→ **Listed entries**

+--

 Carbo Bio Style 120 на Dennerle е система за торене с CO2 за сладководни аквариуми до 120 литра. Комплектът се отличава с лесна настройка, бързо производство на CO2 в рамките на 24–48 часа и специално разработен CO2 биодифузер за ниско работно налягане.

+--

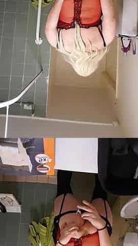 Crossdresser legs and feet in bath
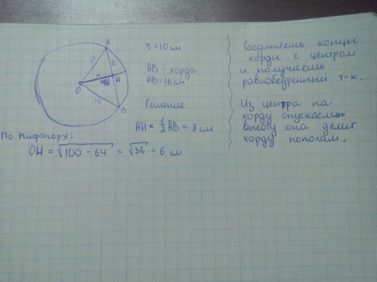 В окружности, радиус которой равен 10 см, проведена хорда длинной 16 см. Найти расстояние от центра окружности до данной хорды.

+--

→ **Work instruction**
Within the listing above, the lines starting at the one containing "Crossdresser legs and feet in bath" and ending at the one containing "В окружности, радиус" are to be returned exactly. Omit the pictures.

→ **Response to this exercise**
 Crossdresser legs and feet in bath
 В окружности, радиус которой равен 10 см, проведена хорда длинной 16 см. Найти расстояние от центра окружности до данной хорды.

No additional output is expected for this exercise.